OpenAI released GPT Image 2 on April 22, 2026 under the product name ChatGPT Images 2.0, replacing its previous GPT Image 1.5 as the company's primary image synthesis model. The model pairs text-to-image generation with O-series reasoning capabilities - two modes let users choose between raw speed and deliberate planning before pixels are drawn. It's a direct attack on the text-rendering gap that has kept image models out of professional design workflows.
TL;DR
- Best at: typography-heavy images, multilingual text, multi-frame comics, and marketing assets where older models garbled words
- Specs: 2K max resolution, up to 8 outputs per run, 3:1 to 1:3 aspect ratios, $0.211 per 1024x1024 at high quality
- Compared to GPT Image 1.5: 2x generation speed, stronger text accuracy, but a cost increase at standard 1024x1024 ($0.211 vs. $0.133)

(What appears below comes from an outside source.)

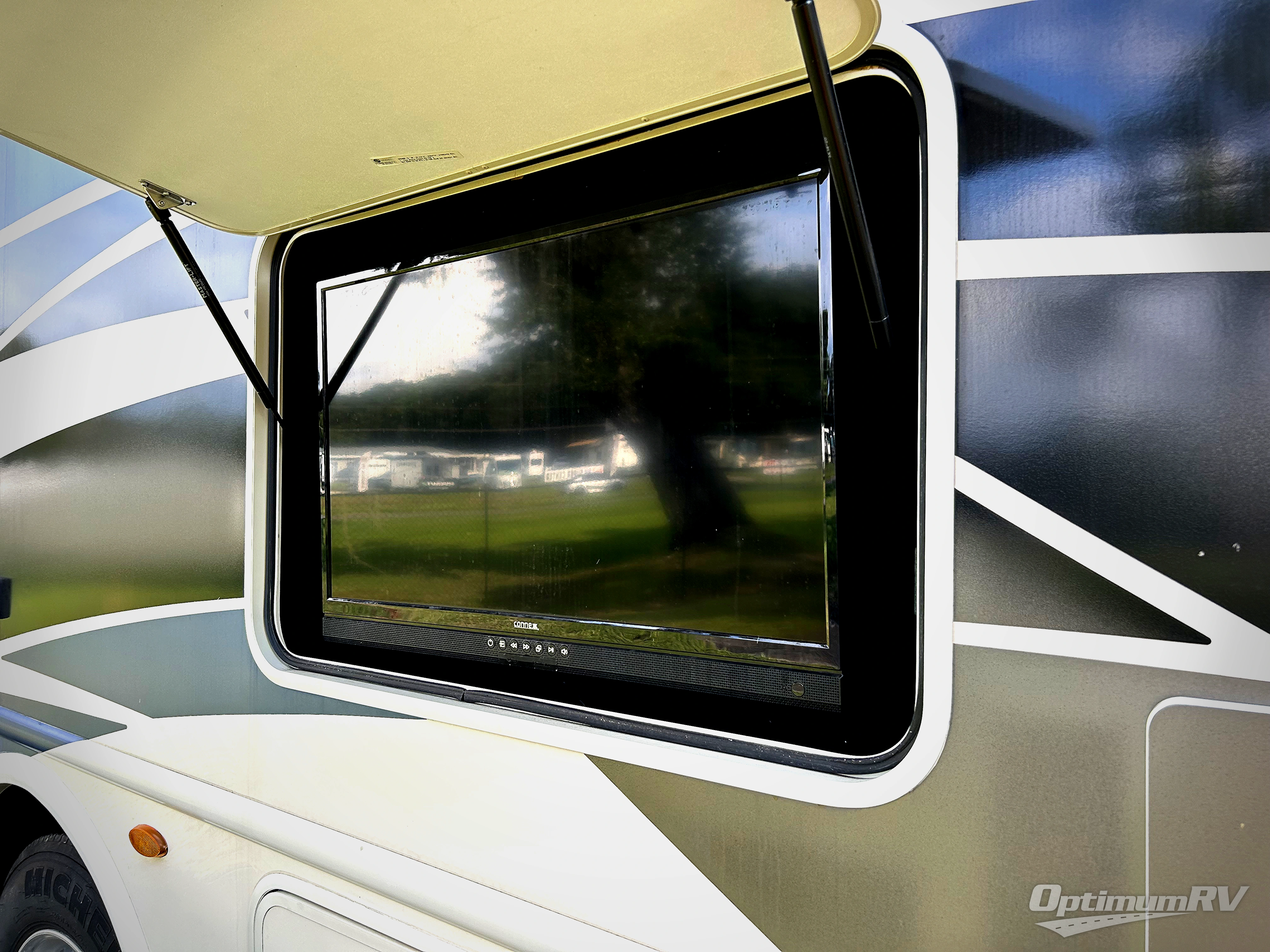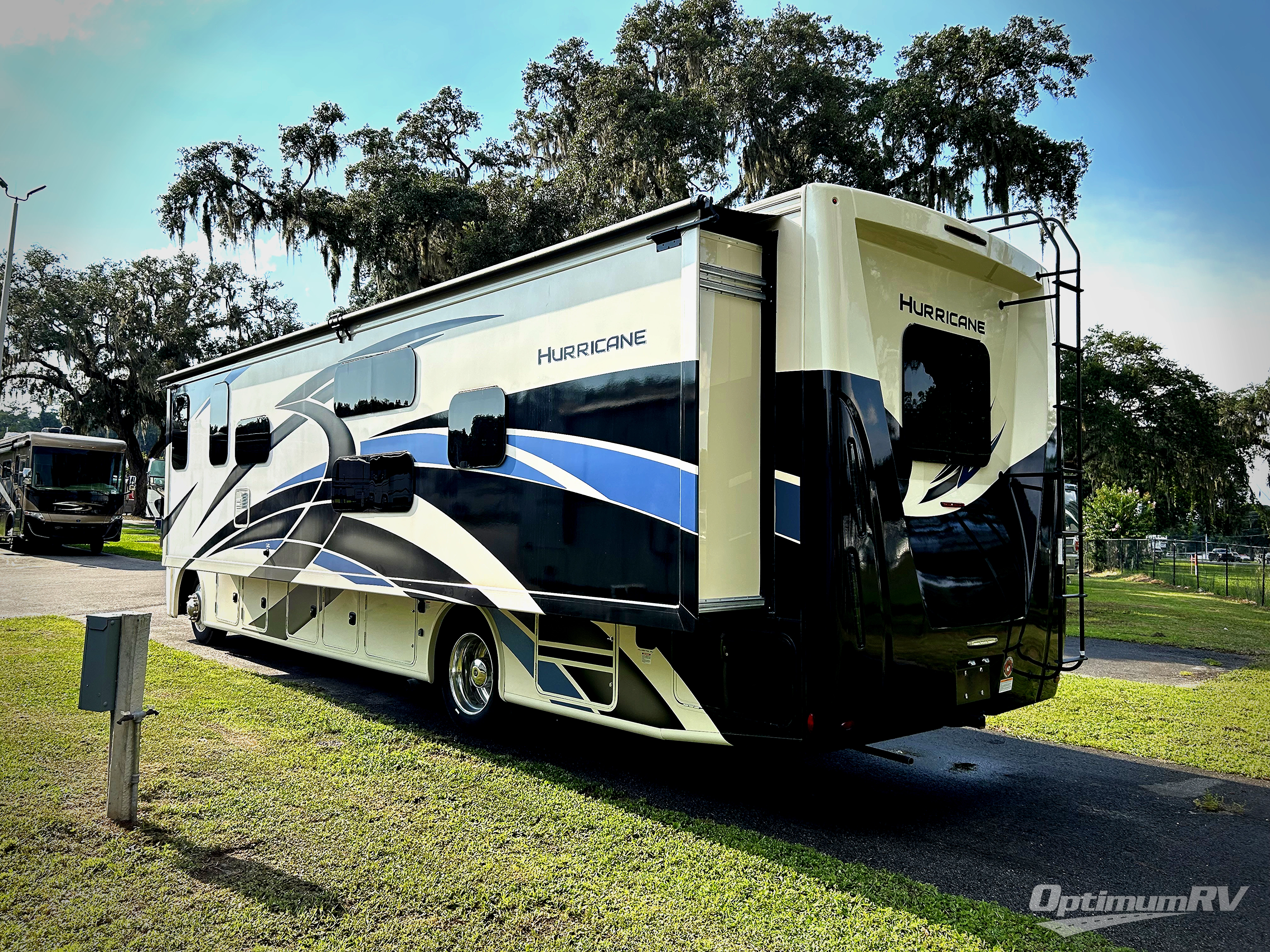 Imagine taking this Hurricane Class A gas motorhome out to the next tailgate party. Everyone will surely be gathered under the power awning and around the exterior kitchen and/or 32" LED TV to watch the previews or even stay to watch the big game. If there isn't a game, take this unit to the nearest campground to relax for the weekend. Be sure to invite your friends to tag along since you have sleeping space for a total of nine in this RV. If you decide to entertain inside, no problem. The residential refrigerator can hold food and cold drinks for the whole week. This model features a full-wall slide which provides more space than ever. There is a Dream dinette, a sofa bed, two captain's chairs, plus a full kitchen and bath amenities. Own this motorhome today and start having fun tomorrow!

The model was quietly A/B tested on LM Arena in early April 2026 under adhesive-tape codenames (maskingtape-alpha, gaffertape-alpha, packingtape-alpha) before the official launch. Those blind tests had users noting the tape models made competitors "look like DALL-E." The codename "duct tape" stuck in the community as shorthand for the Instant mode specifically.

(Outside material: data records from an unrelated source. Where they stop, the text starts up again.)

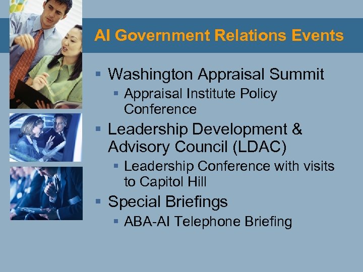 AI Government Relations Events § Washington Appraisal Summit § Appraisal Institute Policy Conference § Leadership Development & Advisory Council (LDAC) § Leadership Conference with visits to Capitol Hill § Special Briefings § ABA-AI Telephone Briefing
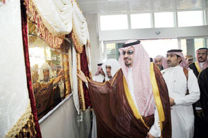 بعد ذلك أزاح سموه الستار عن اللوحة التذكارية وقص الشريط إيذاناً بافتتاح المبنى وتجول في أقسامه.
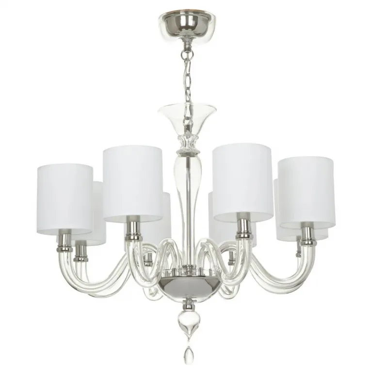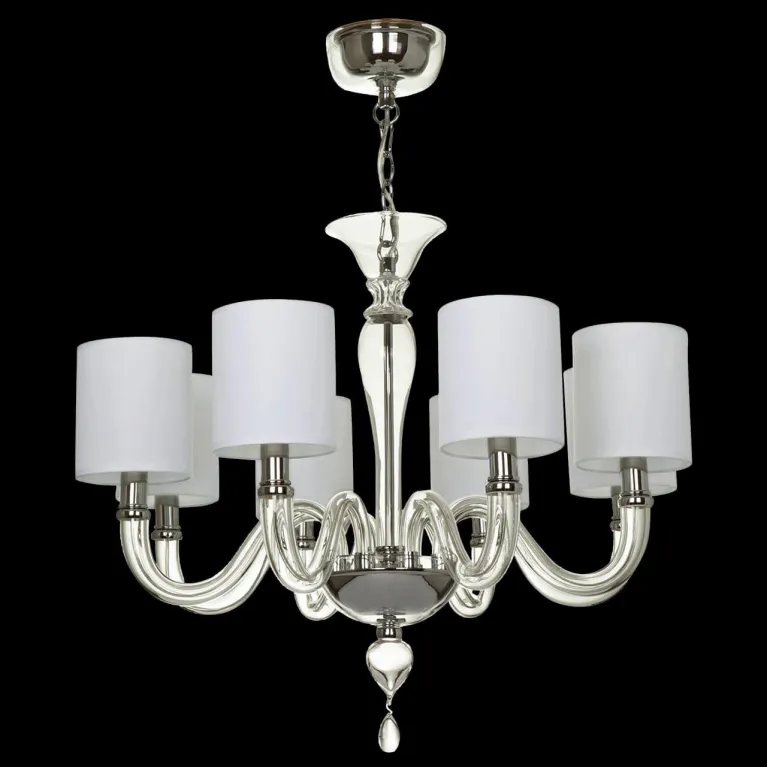 Преобладающий цвет люстры: Белый, плафонов: Белый, арматуры: Хром; материал изготовления арматуры: Металл, размеры, мм: / высота 620 / диаметр 760. Общая мощность – 320 Ватт. Основной тип ламп, предусмотренный производителем: Накаливания с цоколем E14. В зависимости от предпочтений можно использовать лампы теплового, холодного или нейтрального света, за исключением люстр с типом цоколя LED.
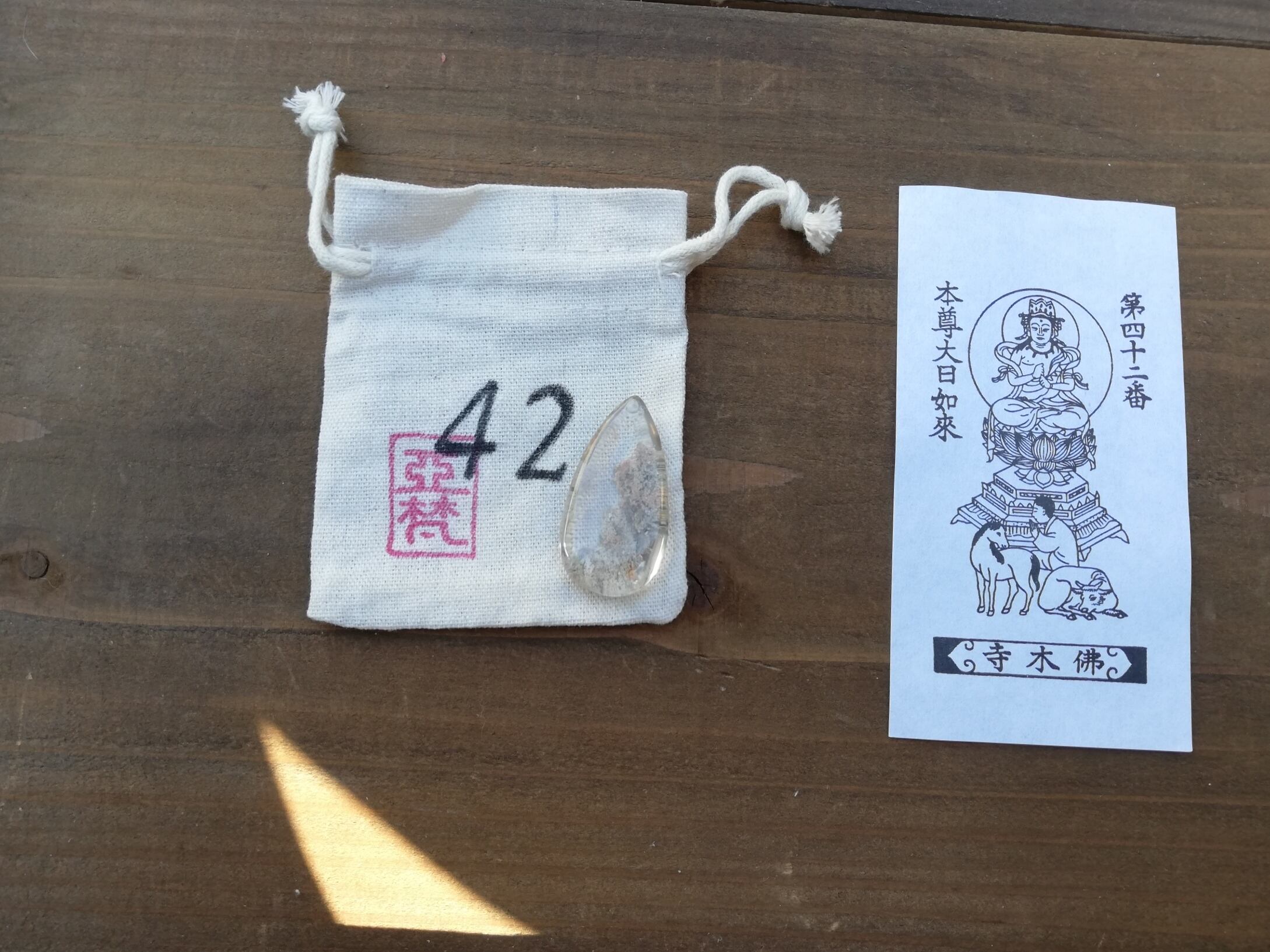 ガーデンクオーツのマクラメ、札所で戴く御影、マクラメを入れる専用の番号の袋、の3点セットです。
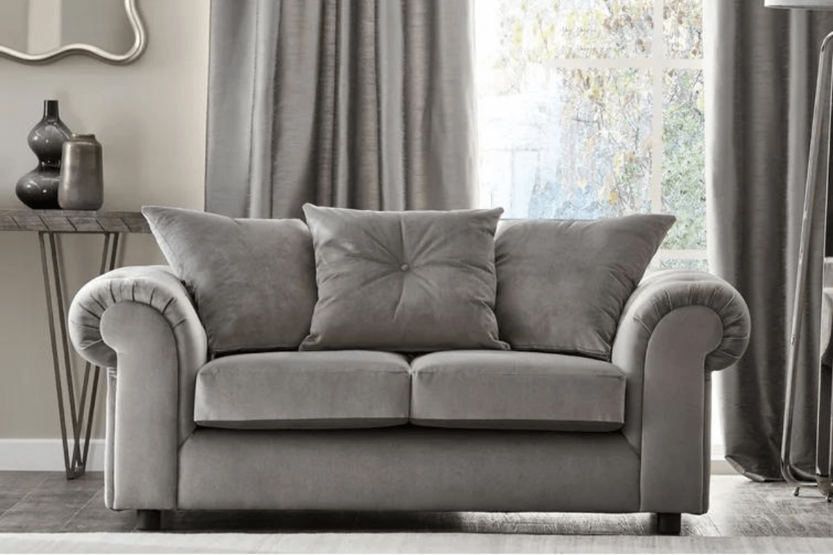 This style sofa has a scatter back design with button detailing. Perfect for small living room spaces. It can seat up to three people and with foam cushions, for added comfort.

It also signals the end of DALL-E. OpenAI is retiring the DALL-E API on May 12, 2026, and GPT Image 2 is the replacement.
Key Specifications
| Specification | Details |
|---|---|
| Provider | OpenAI |
| Model Family | GPT Image |
| Parameters | Not disclosed |
| Architecture | Not disclosed (OpenAI declined to specify diffusion or autoregressive) |
| Max Resolution | 2048px (2K) |
| Aspect Ratios | 3:1 to 1:3 (flexible) |
| Max Outputs Per Run | 8 |
| Modes | Instant, Thinking |
| Knowledge Cutoff | December 2025 |
| Image Input Price | $8.00/M tokens |
| Image Output Price | $30.00/M tokens |
| Text Input Price | $5.00/M tokens |
| Text Output Price | $10.00/M tokens |
| Per-Image (1024x1024, high) | $0.211 |
| Per-Image (1024x1536, high) | $0.165 |
| Release Date | 2026-04-22 |
| License | Proprietary |
Benchmark Performance
Independent evaluations on text rendering are the most directly testable claim, and they largely hold up. OpenAI reports 99%+ accuracy on standard typography benchmarks, with support for CJK scripts (Chinese, Japanese, Korean) and Latin-script languages including Hindi and Bengali. That's a significant step from GPT Image 1.5, which users pegged at 90-95% accuracy in practice.

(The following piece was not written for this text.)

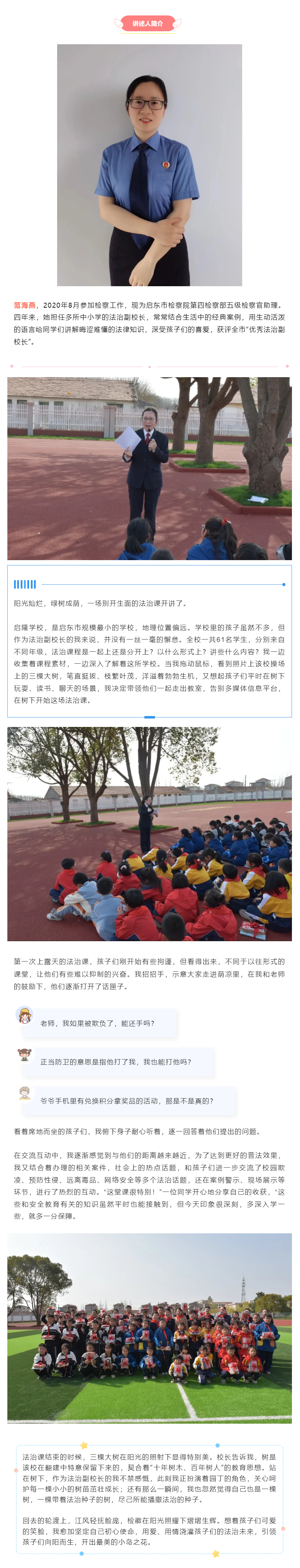 “孩子在哪里,我的法治课就到哪里” 启东市检察院大树下开展法治课

There's no single authoritative image quality benchmark equivalent to MMLU-Pro for text models, so the table below draws on LM Arena Elo ratings and composite scores from multi-site evaluations as of April 2026. GPT Image 1.5's Elo was measured at about 1264 before GPT Image 2's launch; GPT Image 2's arena score hasn't fully settled yet.
| Metric | GPT Image 2 | GPT Image 1.5 | Midjourney v7 | FLUX.2 Pro |
|---|---|---|---|---|
| Text rendering accuracy | 99%+ | ~90-95% | ~85% | ~88% |
| LM Arena Elo (approx.) | TBD (settling) | 1264 | ~1290 | 1265 |
| Max resolution | 2048px | 1536px | 2048px | 2048px |
| Generation speed vs. prior gen | 2x faster | baseline | N/A | N/A |
| Batch generation (same prompt) | 8 | 4 | 4 | 1 |
For artistic photorealism and compositional aesthetics, Midjourney v7 is still the reference point most professionals use (see our Midjourney v7 review). GPT Image 2's edge is workflow integration and text - if your use case involves rendering UI mockups, menus, signs, or multilingual marketing assets, the accuracy gap is real and meaningful.
Current image generation rankings across all major models are tracked on the AI Image Generation Leaderboard.
Key Capabilities
The text rendering improvement is the headline number, and early hands-on testing confirms it. Two years ago, DALL-E 3 couldn't correctly spell common words on signs. GPT Image 2 creates restaurant menus with correct spelling, infographics with accurate labels, and slides with readable body text - across English, Japanese, Korean, Chinese, Hindi, and Bengali. Multilingual CJK rendering in particular was a weak point for all prior models.
The Thinking mode is the more structurally novel feature. When enabled, the model doesn't create immediately; it reasons first, searching the web, planning the composition, and working through visual structure before producing output. This makes it useful for multi-frame work: generating a 3x3 storyboard grid of a single character across different scenes while maintaining consistent facial features, outfit details, and proportions across every panel. That was a manual, fiddly process with prior tools, including GPT Image 1.5. OpenAI calls this capability "character consistency," and it's the reason Thinking mode is restricted to Plus, Pro, and Business subscribers.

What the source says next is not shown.